Un avis partagé par Jean-Marie Peretti, professeur en ressources humaines à l’Essec : “les discriminations portent souvent sur le diplôme avec le rejet des autodidactes, aussi expérimentés soient-ils. Le haut potentiel recherché étant souvent un quadragénaire bien diplômé”. Et d’ajouter : “ces formes de rejet sont souvent liées aux préjugés sur l’efficacité et la productivité, trouvant elles-mêmes leur fondement dans un certain culte du jeunisme”. D’où le rejet, tout aussi notable, des profils seniors, qui au-delà des minorités visibles, souffrent aujourd’hui encore d’une image professionnelle négative : celle du collaborateur peu productif, difficilement intégrable et pas assez rentable à long terme.
Des discriminations incombant uniquement aux entreprises clientes ? “Non, certains cabinets partagent également ces stéréotypes sur les ‘meilleurs profils’ et sont peu portés à prendre le risque d’élargir leur recrutement à des candidats qui sortent du moule”, répond Jean-Marie Peretti. A cela s’ajoutent tous les chasseurs de têtes qui s’autocensurent, “malgré eux”, lors de leurs recherches. La raison ?
“Ils se sentent tenus de prendre en compte les préférences, explicites ou implicites, de leurs clients”, commente le professeur. Voilà pourquoi, dans seulement une mission sur deux, les cabinets déclarent présenter un “outsider”, candidat correspondant à moins de 80 % des critères demandés par le client, selon l’étude d’Oasys.

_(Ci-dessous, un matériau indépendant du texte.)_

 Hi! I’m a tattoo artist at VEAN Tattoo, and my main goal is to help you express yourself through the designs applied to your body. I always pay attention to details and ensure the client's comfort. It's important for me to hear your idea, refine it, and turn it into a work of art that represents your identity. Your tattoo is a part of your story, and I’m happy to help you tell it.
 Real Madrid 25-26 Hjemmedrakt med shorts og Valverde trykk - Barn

Et cet “outsider” n’est en moyenne retenu qu’une fois sur quatre !
C’est dire la difficulté qu’ont certains chasseurs à faire évoluer la position de leurs clients. “Sur un panel de critères comme la formation du candidat, il est souvent très dur de se battre, de faire évoluer les mentalités des entreprises”, reconnaît Philippe Vidal. Les chasseurs n’auraient-ils alors aucune marge de manœuvre pour promouvoir un recrutement socialement responsable ?

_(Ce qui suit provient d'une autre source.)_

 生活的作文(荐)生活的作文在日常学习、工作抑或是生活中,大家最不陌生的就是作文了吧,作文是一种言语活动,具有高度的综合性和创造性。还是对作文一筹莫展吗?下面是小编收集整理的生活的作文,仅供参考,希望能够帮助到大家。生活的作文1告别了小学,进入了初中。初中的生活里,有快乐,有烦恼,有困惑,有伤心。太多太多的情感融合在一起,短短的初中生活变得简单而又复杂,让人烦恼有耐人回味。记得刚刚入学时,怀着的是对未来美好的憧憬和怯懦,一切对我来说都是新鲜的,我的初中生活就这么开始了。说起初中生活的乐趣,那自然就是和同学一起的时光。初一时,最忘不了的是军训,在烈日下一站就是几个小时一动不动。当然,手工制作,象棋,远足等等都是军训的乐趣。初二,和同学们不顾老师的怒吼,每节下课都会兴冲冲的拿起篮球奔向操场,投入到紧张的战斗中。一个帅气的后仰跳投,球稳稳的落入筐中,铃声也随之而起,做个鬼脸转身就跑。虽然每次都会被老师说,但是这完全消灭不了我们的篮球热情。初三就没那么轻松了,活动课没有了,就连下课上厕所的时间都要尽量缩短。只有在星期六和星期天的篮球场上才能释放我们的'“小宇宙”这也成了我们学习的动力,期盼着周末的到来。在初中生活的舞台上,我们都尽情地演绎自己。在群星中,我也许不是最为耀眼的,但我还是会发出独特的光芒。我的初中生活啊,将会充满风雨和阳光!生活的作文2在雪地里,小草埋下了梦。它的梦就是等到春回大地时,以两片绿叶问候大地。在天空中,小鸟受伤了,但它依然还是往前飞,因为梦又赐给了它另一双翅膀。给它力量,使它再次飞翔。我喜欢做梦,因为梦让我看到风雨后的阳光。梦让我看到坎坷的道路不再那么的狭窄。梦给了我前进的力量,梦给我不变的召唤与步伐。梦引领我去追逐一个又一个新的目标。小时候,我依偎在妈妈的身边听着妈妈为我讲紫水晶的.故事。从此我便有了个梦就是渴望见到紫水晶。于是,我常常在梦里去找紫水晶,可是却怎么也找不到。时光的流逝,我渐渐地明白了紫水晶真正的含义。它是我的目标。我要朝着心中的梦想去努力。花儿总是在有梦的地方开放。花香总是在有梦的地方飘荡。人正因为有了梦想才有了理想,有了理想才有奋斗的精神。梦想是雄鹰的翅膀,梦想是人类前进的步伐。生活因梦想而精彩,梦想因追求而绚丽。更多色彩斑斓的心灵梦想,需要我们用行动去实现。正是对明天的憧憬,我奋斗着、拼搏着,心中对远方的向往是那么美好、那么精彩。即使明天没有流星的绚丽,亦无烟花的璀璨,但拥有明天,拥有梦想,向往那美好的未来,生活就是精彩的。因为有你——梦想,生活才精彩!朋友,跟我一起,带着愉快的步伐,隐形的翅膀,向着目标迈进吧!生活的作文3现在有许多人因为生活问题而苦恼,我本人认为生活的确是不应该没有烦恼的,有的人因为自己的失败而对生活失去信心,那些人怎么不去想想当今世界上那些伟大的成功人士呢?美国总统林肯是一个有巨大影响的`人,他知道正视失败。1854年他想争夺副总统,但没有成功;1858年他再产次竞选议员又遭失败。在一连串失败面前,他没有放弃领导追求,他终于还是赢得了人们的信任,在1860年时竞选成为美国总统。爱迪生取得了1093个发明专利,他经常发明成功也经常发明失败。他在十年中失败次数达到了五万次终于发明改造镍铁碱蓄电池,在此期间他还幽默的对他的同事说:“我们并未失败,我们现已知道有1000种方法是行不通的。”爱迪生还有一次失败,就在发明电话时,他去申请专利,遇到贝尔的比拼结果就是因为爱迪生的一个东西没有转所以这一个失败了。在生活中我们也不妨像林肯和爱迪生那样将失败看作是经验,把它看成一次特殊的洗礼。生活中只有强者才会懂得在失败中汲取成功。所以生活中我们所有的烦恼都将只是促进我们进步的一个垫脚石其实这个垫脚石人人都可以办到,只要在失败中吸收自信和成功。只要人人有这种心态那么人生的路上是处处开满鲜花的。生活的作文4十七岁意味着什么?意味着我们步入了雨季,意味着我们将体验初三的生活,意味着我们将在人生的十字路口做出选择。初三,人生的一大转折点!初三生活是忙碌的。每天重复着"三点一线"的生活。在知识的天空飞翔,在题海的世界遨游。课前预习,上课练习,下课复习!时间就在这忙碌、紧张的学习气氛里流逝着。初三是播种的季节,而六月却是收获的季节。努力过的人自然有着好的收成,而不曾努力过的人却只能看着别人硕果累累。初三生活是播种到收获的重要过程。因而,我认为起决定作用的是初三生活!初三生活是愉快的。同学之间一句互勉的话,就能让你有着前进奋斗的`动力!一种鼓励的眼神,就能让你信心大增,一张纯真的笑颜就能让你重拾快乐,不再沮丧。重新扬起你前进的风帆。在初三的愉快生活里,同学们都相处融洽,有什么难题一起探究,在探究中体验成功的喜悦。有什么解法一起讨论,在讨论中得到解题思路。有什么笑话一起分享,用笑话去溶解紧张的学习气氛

“Faux !, répond le dirigeant de Lincoln Associates, face à une demande discriminante, les consultants ont toujours la possibilité de décliner la mission. Et c’est l’attitude que nous adoptons systématiquement.” Pour prévenir toute pratique discriminante, le cabinet Theodore Search a également sa méthode : “Une entreprise qui signe un contrat avec nous s’engage à recevoir tous les candidats que nous lui présentons. Un bon moyen de prévention, puisque la plupart des discriminations ont lieu à la lecture d’un CV, mais sont ensuite levées dès la rencontre du candidat en entretien” affirme Jean-Marie Chassé, en rappelant que c’est le rôle des consultants d’“éduquer” leurs clients aux enjeux de la non-discrimination.